На следующий день появляется профессор. Небритый, заросший черными, жесткими волосами, с оттопыренной нижней губой, со следами былого щегольства в одежде. В выражении его лица, в каждом движении сквозит: «Ну, что там у вас еще? Ох, и надоели вы мне все!..»
— Профессор Старкевич.
— Доктор Гнедаш.
— Очень приятно. Вы хотели со мной… э… консультироваться?

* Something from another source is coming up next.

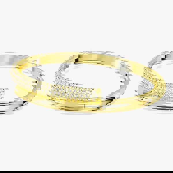 This sleek crossover bangle has a tubular design that blends classic and contemporary styles. It is half embellished with an all-over clear Swarovski crystal pavé and has a hidden magnetic closure for a secure fitting. This luxurious piece will enhance any style you wear.
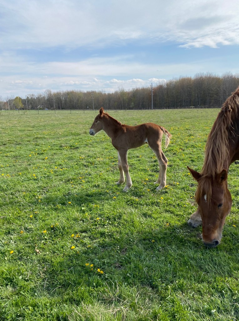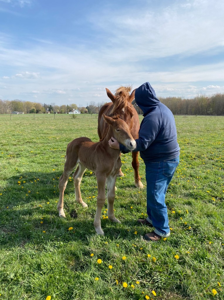 My grandma Rice was named Grace. She was a strong woman with a big heart. It is my hope that this filly exhibits those same traits. Enjoy the photos for now and stay tuned for updates. I’m overloaded with thankfulness for this potential broodmare. She is not related to our stallion prospect Hank. It is one more important step in helping to promote and preserve this rare and endangered breed. I think gramma would be proud to have her share her name.

— Да, я хотел вам задать несколько вопросов.
— Як вашим услугам.
Против своей воли чувствую смущение. Профессор! С юности я привык глубоко уважать это звание. Профессора Киевского медицинского института, где я учился, даже из такого сухого предмета, как остеология, делали поэму. Мы слушали их лекции затаив дыхание.
— Мне кажется, мы где-то встречались? — в замешательстве говорю я.
— М… вполне возможно. Вы где учились? Где практиковали?
— Учился в Киеве. Работал в Прилуках, в Шостке.
— Нн-не бывал. Я учился в Вене, практиковал во Львове, в Варшаве.
Ага, еще один представитель «культурного Запада».
«Я знаю, что вы дураки и применения мне никакого не найдете в этом диком лесу, но спрашивайте, раз уж я очутился с вами!..» — говорит его брезгливо-величественная манера держать себя, его профиль утомленного поклонением вельможи от науки.
Вместе с Федоровым и Дружининым направляемся к раненым.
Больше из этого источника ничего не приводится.